Sa sinh dục là hiện tượng tử cung sa xuống thấp trong âm đạo hoặc sa hẳn ra ngoài âm hộ
Sa sinh dục là hiện tượng tử cung sa xuống thấp trong âm đạo hoặc sa hẳn ra ngoài âm hộ

2. Causes of genital prolapse

Genital prolapse is common in pregnant women. Women who have never been pregnant can also develop genital prolapse, which is usually a simple cervical prolapse. Causes can include:
Multiple births, close interval between births, home birth, incorrect delivery technique, not knowing how to push, tearing the lower genital tract or tearing the perineum without sutures. . Heavy labor, labor soon after giving birth: After giving birth, the mother's body is greatly weakened, the mother does heavy labor, causing the abdominal pressure to increase when the organs are still weak and have not returned to normal, which easily leads to childbirth. sex. Congenital aetiology in women who have never given birth, in women there are changes in the anatomy and function of the genital organs. These cases are usually simple cervical prolapse. Nutritional disorders: People with chronic diseases, malnutrition, and the elderly are also prone to genital prolapse

3. Methods of treatment

Surgery is the mainstay of treatment for genital prolapse. Surgery is mainly vaginal.
The purpose of surgery is:
Restoration of the uterine support system, lifting the bladder, rebuilding the anterior and posterior vaginal walls, suturing the levator anal muscle and reconstructing the perineum. Reconstruction of the vaginal walls is therefore cosmetic. There are many surgical methods of genital prolapse, but there are 3 commonly used techniques:
Manchester technique:
Indicated for women who are young, still want to have children and prolapse I or II. In addition, it is also indicated for elderly patients with grade III genital prolapse who cannot tolerate major surgery. Surgical steps in order: cervical amputation, Mackenrodt ligament shortening and bladder lift, cervical restoration Crossen technique:
Assign patients with grade III genital prolapse when the cervix is ​​not inflamed ulcer. Complete hysterectomy through the vagina. Cross tie the Mackenrodt ligaments and the other round ligaments to hang the sutures together into a strong hammock against intestinal prolapse. Lefort technique:
Indicated in the elderly who no longer need to have sex, the vagina and cervix are not infected. Technique of suturing the vagina, leaving only the groove for the fluid to drain out, and at the same time lifting the bladder.

Phẫu thuật là phương pháp chủ yếu trong điều trị sa sinh dục
Phẫu thuật là phương pháp chủ yếu trong điều trị sa sinh dục

4. Is genital prolapse surgery dangerous?

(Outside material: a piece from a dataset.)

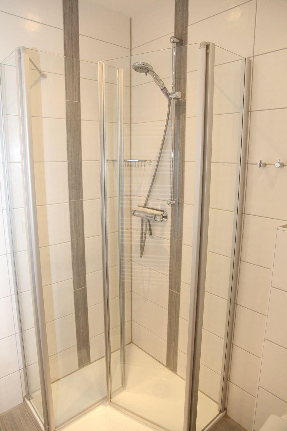 Ebenfalls auf dieser Etage finden Sie ein Schlafzimmer mit Doppelbett und angrenzendem, begehbaren Kleiderschrank, sowie das Duschbad mit Handtuchheizkörper, Fußbodenheizung und ebenerdiger Dusche.

Uterine prolapse surgery methods are safe and effective. The doctor prescribes surgery based on many factors such as age, fertility needs, sexual needs, systemic condition, degree of genital prolapse. out complications. Anesthesia method can be sedated by spinal anesthesia, so it is applicable to the elderly. The surgery time is not long, so there are few complications about anesthesia. It did not affect the overall condition much, the patient recovered quickly after surgery. Currently, there is also a laparoscopic surgery method with many outstanding advantages, less damage to nearby organs, less complications, less bleeding, quick recovery, early discharge from hospital, and reduced treatment costs. Normally, this surgery is often contraindicated in the elderly who cannot afford surgery, whose physical condition does not allow In the case of vaginal and cervical inflammation, it will be thoroughly treated before performing surgery, so it is safe to do so. Before surgery, the patient was fully assessed for factors such as age, physical condition, systemic diseases such as anemia, cardiovascular disease, respiratory disease, high blood pressure, diabetes ... review Preoperative treatment or some pathology is contraindicated, so patients can rest assured before their surgery decision. If you notice any unusual problems, you should visit and consult with a specialist.